This document provides guidance to OpenCL™ developers who want to optimize applications running on Intel® processor graphics. Specifically, this document shows you how to minimize the memory footprint of applications and reduce the amount of copying on buffers in the shared physical memory system of an Intel® System on Chip (SoC) solution. It also provides working source code to demonstrate these principles.

The OpenCL 1.2 Specification includes memory allocation flags and API functions that developers can use to create applications with minimal memory footprint and maximum performance. This is accomplished by eliminating extra copies during execution, referred to as zero copy behavior. This document augments the OpenCL API specification by giving guidance specific to Intel processor graphics.

Key Takeaway

To create zero copy buffers, do one of the following:

  • Use CL_MEM_ALLOC_HOST_PTR and let the runtime handle creating a zero copy allocation buffer for you
  • If you already have the data and want to load the data into an OpenCL buffer object, then use CL_MEM_USE_HOST_PTR with a buffer allocated at a 4096 byte boundary (aligned to a page and cache line boundary) and a total size that is a multiple of 64 bytes (cache line size).

When reading or writing data to these buffers from the host, use clEnqueueMapBuffer(), operate on the buffer, then call clEnqueueUnmapMemObject(). This paper contains code samples to demonstrate the best known practices on Intel® platforms.

Motivation

Memory management within the GPU driver has a complicated set of memory usage scenarios that need to be considered. Applications can inform the driver of their usage by specifying flags during memory allocation as well as through specific memory access or transfer APIs called during runtime. Sometimes driver implementations need to create or manage internal copies of memory buffers to facilitate servicing these API calls. For example, internal memory buffer copies might be created to support the memory layout preferred by the CPU or GPU or to improve caching behavior. Such copies may be necessary in these scenarios, but they can detrimentally impact performance. Application developers need device-specific knowledge in order to know how to avoid these copies.

Definitions

Before going into the technical details, here are some definitions of terms used in this article.
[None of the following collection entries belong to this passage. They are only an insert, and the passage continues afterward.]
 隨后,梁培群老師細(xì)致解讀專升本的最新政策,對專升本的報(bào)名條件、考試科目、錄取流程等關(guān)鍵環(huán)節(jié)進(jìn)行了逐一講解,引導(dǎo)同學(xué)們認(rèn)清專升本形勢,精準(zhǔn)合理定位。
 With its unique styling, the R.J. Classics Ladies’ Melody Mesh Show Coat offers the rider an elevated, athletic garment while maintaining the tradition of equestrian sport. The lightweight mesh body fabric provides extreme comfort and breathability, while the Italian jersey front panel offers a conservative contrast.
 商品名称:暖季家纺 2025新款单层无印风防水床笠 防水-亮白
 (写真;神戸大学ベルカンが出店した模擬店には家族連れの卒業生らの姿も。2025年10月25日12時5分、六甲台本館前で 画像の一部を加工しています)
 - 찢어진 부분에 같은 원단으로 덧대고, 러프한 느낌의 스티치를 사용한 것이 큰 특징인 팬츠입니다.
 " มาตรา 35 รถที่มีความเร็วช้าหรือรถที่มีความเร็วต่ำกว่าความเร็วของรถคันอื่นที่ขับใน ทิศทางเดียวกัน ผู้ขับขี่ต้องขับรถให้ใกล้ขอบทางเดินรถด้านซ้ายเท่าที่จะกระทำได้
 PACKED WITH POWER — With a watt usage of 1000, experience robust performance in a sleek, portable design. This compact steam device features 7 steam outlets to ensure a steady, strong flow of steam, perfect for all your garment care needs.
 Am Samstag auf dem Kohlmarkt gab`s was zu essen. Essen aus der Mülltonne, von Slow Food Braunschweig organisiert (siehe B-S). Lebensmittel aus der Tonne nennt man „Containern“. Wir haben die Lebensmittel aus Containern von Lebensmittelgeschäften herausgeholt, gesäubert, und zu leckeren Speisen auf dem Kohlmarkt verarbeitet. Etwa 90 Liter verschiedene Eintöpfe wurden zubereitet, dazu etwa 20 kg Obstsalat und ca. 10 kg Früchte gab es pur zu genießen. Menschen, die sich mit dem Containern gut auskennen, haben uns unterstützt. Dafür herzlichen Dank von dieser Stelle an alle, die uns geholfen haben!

  • Host memory: Memory accessible on the OpenCL host.
  • Device memory: Memory accessible on the OpenCL device.
  • Zero copy: Refers to the concept of using the same copy of memory between the host, in this case the CPU, and the device, in this case the integrated GPU, with the goal of increasing performance and reducing the overall memory footprint of the application by reducing the number of copies of data.
  • Zero copy buffers: Buffers created via the clCreateBuffer() API that follow the rules for zero copy. This is implementation dependent so the rules on one device may be different than another.
  • Shared Physical Memory: The host and the device share the same physical DRAM. This is different from shared virtual memory, when the host and device share the same virtual addresses, and is not the subject of this paper. The key hardware feature that enables zero copy is the fact that the CPU and GPU have shared physical memory. Shared physical and shared virtual memories are not mutually exclusive.
  • Virtual Memory: The memory model used by the operating system to give the process perceived ownership of its own dedicated memory space. Pointers that programmers operate on are not physical memory addresses but instead virtual addresses that are part of a virtual address space. The platform handles conversions between these virtual addresses and the physical memory address.
  • Intel processor graphics: The term used when referring to current Intel graphics solutions. Product names for Intel GPUs integrated in SoC include Intel® Iris™ graphics, Intel® Iris™ Pro graphics, or Intel® HD Graphics depending on the exact SoC. For additional hardware architecture details see the Intel® Gen 7.5 Compute Architecture document referenced at the end of this document or http://ark.intel.com/.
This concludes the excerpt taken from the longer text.